Retype the opening lines of the listing below, ending with the line that contains "新款硅胶圆形烟灰缸 迷彩混色迷幻烟缸 烟灰盒烟盅印刷logo烟灰缸", and leave out any pictures.

> SOURCE DATA:
Start of Block

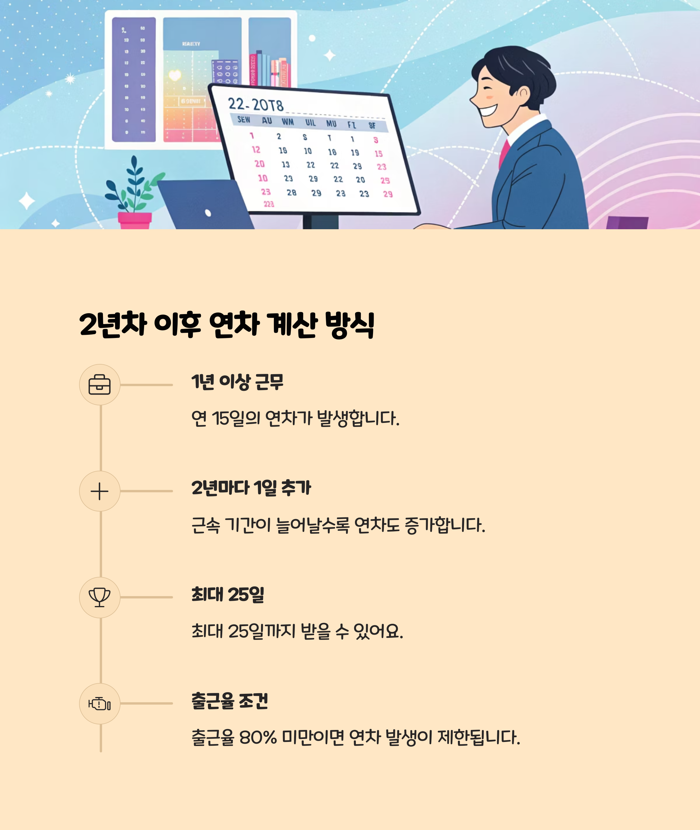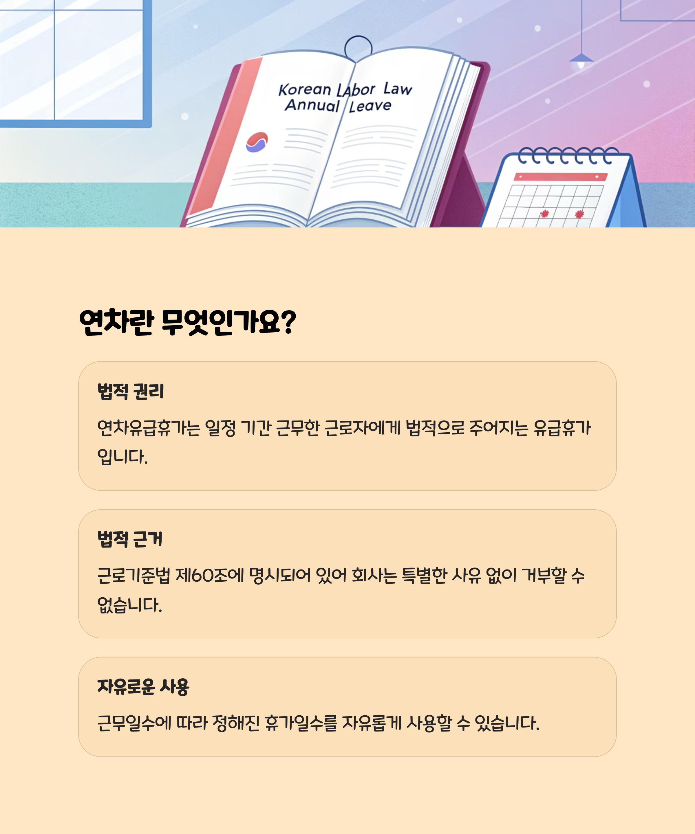 연차휴가는 근로자의 당연한 권리입니다. 근속기간에 따라 달라지는 연차 발생 기준부터 연차 사용 시 꼭 알아야 할 핵심 정보까지 간단히 정리해드립니다.
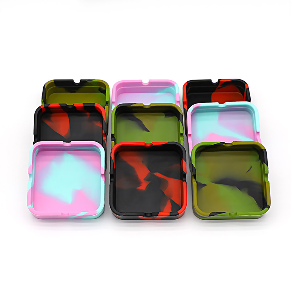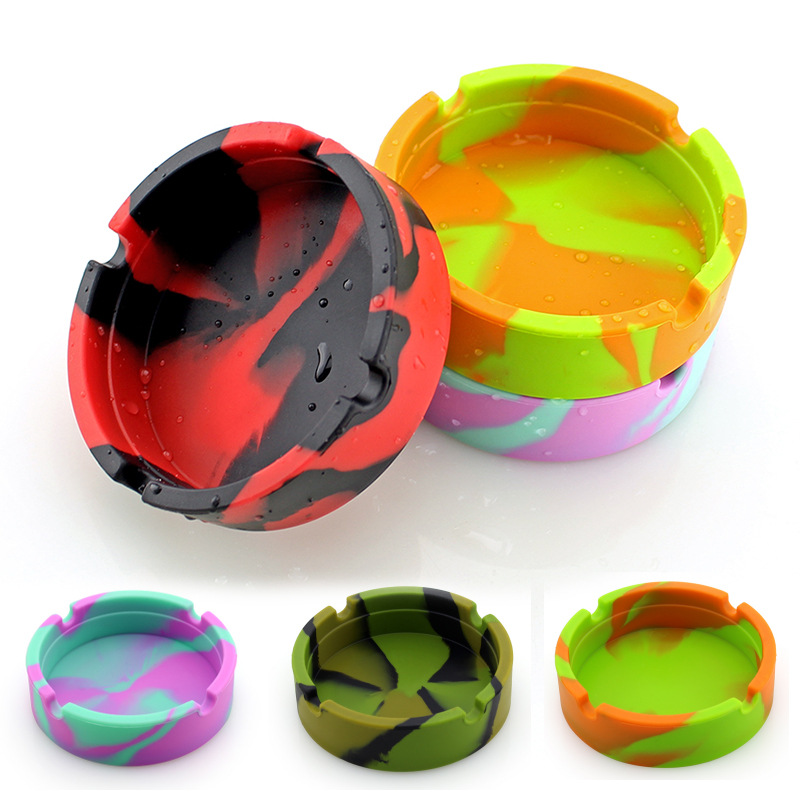 新款硅胶圆形烟灰缸 迷彩混色迷幻烟缸 烟灰盒烟盅印刷logo烟灰缸
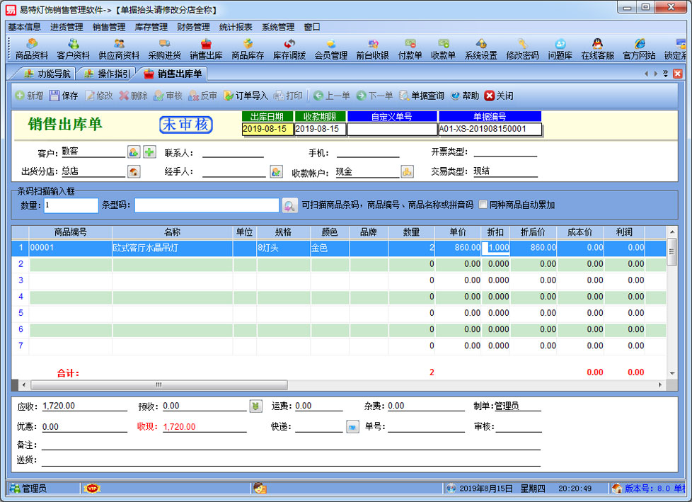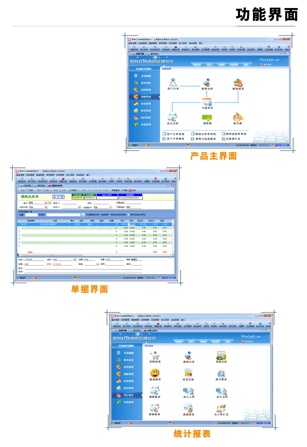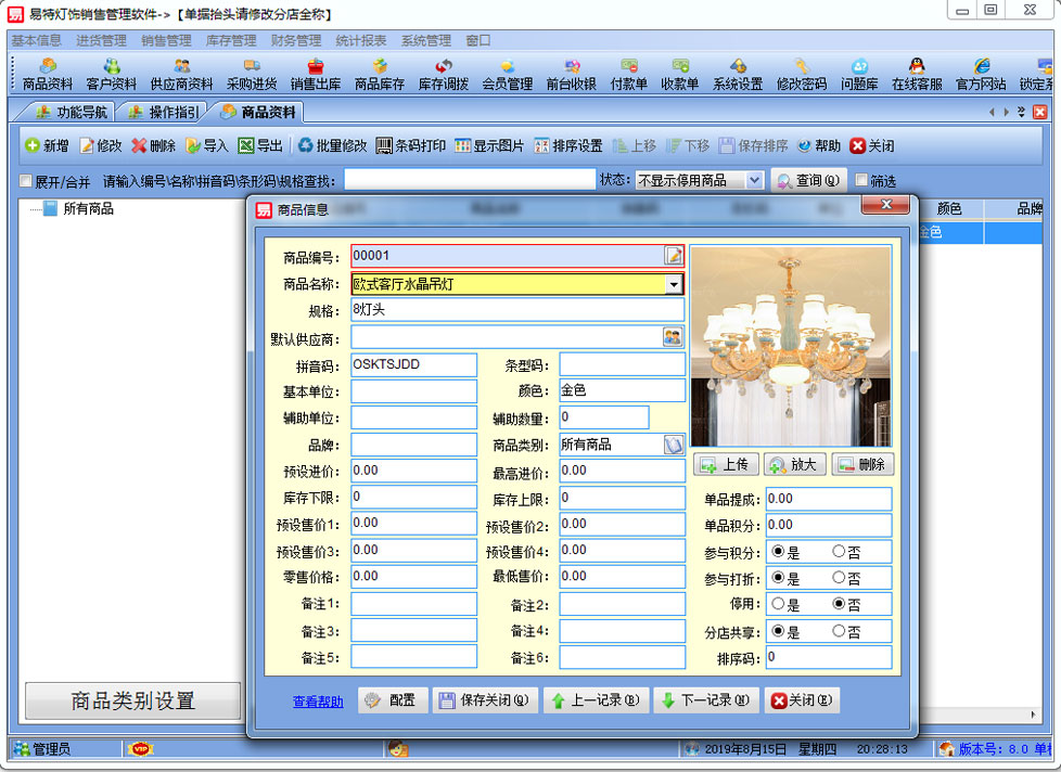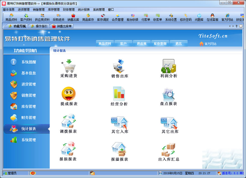 | 易特?zé)麸椾N售管理軟件是一款專業(yè)的針對燈飾而設(shè)計的銷售管理軟件,完美解決燈飾行業(yè)從預(yù)訂,到銷售送貨,安裝的過程。其中包含商品銷售管理系統(tǒng) ,庫存管理系統(tǒng)(倉庫管理系統(tǒng)),財務(wù)和報表系統(tǒng)等子模塊。軟件界面設(shè)計簡潔,美觀,其人性化的軟件流程,使普通用戶不需培訓(xùn)也能很快掌握軟件操作使用方法,上手極易。強大報表與集成查詢功能是本軟件的最大特色,所有功能在用戶需要的使用地方自然體現(xiàn),不用打開多個窗口重復(fù)查詢。易特進銷存軟件廣泛適用于企業(yè),商貿(mào)公司,個體門店等用于商業(yè)銷售管理, 庫存管理,財務(wù)管理等,客戶管理,員工管理等場合,是您企業(yè)進行信息化管理的強大工具。 基礎(chǔ)數(shù)據(jù):商品信息,供應(yīng)商,客戶,商品分類,倉庫,銀行等基本信息的設(shè)置。 入庫管理:進行貨品采購入庫,采購?fù)素,進貨單據(jù)和退貨單據(jù)查詢,供應(yīng)商往來帳務(wù),供應(yīng)商付款。 出庫管理:銷售出貨,客戶退貨,銷售單據(jù)和客戶退貨查詢,客戶往來帳務(wù),客戶付款。 庫存管理:包括庫存之間貨品調(diào)拔,庫存報損、報溢,庫存盤點功能。 拆分組裝:整進散出,或是整出散進等可以自由的拆分組合產(chǎn)品。 統(tǒng)計報表:完整的統(tǒng)計查詢功能,每張單據(jù)每次業(yè)務(wù)金額都可以清楚的反映。 權(quán)限管理:可添加刪除系統(tǒng)操作員帳號,強大的權(quán)限控制,可以設(shè)置某用戶對某窗口某個按鈕的權(quán)限。 打印設(shè)計:可對系統(tǒng)內(nèi)每個單據(jù)進行打印的格式設(shè)計,可以導(dǎo)出,導(dǎo)入,每個操作員可設(shè)計自己的打印格式。 界面設(shè)計:系統(tǒng)窗口界面名稱可以自定義設(shè)計,表格的顯示順序,寬度,是否顯示等,每個操作員可以設(shè)計自己的界面。 系統(tǒng)設(shè)置:可以靈活設(shè)置系統(tǒng)小數(shù)位數(shù),可選0-6位,讓帳務(wù)更精確,可對以往數(shù)據(jù)進行選擇性的清除,以便系統(tǒng)初始化。 數(shù)據(jù)備份:可隨時對系統(tǒng)數(shù)據(jù)庫進行安全備份,以防數(shù)據(jù)丟失。 3、 屏幕分辨率800X600以 |
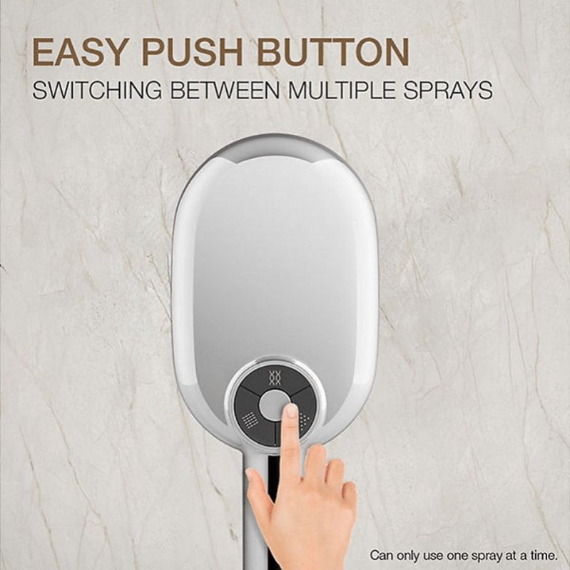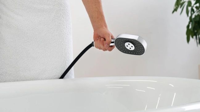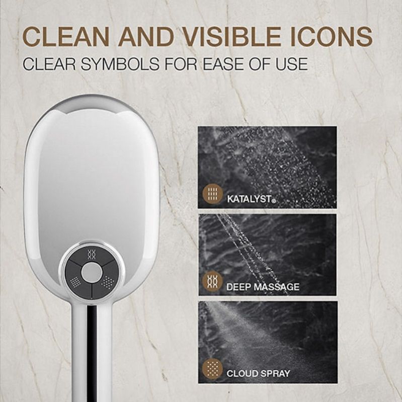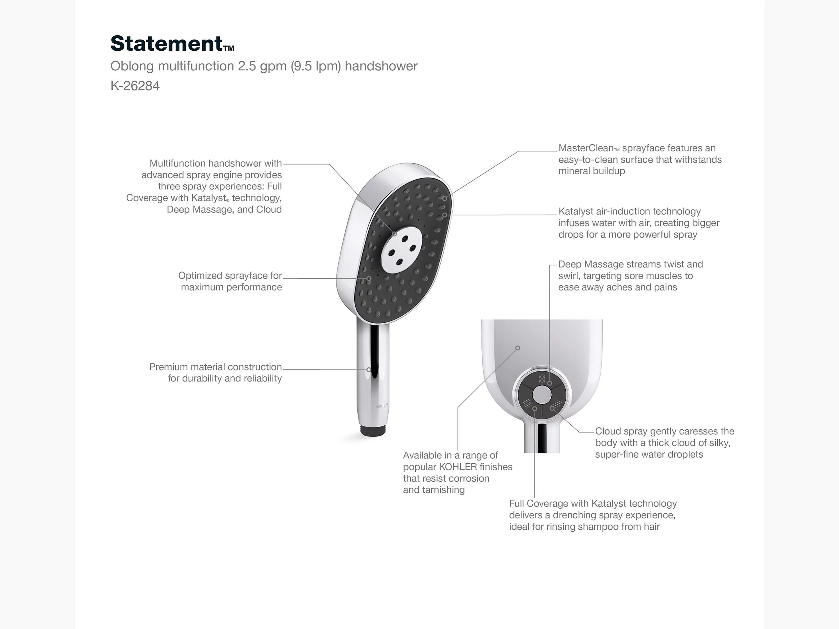 Multifunction handshower with advanced spray engine provides three spray experiences: Full Coverage with Katalyst technology, Deep Massage, and Cloud.

End of Block

> EXPECTED OUTPUT:
 연차휴가는 근로자의 당연한 권리입니다. 근속기간에 따라 달라지는 연차 발생 기준부터 연차 사용 시 꼭 알아야 할 핵심 정보까지 간단히 정리해드립니다.
 新款硅胶圆形烟灰缸 迷彩混色迷幻烟缸 烟灰盒烟盅印刷logo烟灰缸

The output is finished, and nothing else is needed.